Afirmo que aceitei participar por minha própria vontade, sem receber qualquer incentivo financeiro e com a finalidade exclusiva de colaborar para o sucesso da pesquisa. Fui informado(a) dos objetivos estritamente acadêmicos do estudo, que, em linhas gerais, deseja analisar os impactos da educação escolar e do acolhimento institucional na constituição subjetiva da criança que, por algum motivo, foi afastada da família e/ou responsável e se encontra sob tutela pública, aos cuidados de uma casa-lar no município de Vila Velha.
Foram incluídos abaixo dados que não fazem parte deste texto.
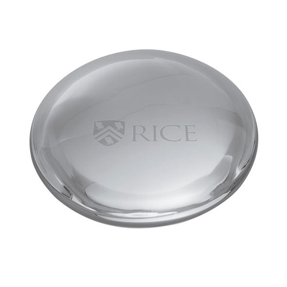 A proud display of Rice pride for any office, the Rice logo is prominently etched on this hand-crafted glass paperweight.

Fui esclarecido(a) de que os usos das informações por mim oferecidas estão submetidos às normas éticas, e a identidade do sujeito da pesquisa será preservada.
Estou ciente de que, caso eu tenha dúvida ou me sinta prejudicado(a), assim como o sujeito da pesquisa, pelo qual sou responsável, poderei contatar a pesquisadora ou o seu orientador.
A pesquisadora principal do estudo ofertou-me uma cópia assinada deste Termo de Consentimento Livre e Esclarecido, conforme recomendações da Comissão Nacional de Ética em Pesquisa (Conep).
Fui informado(a) de que posso me retirar desse estudo a qualquer momento, sem prejuízo para meu acompanhamento ou sofrer quaisquer sanções ou constrangimentos.
Vila Velha, ____ de _________________ de _______.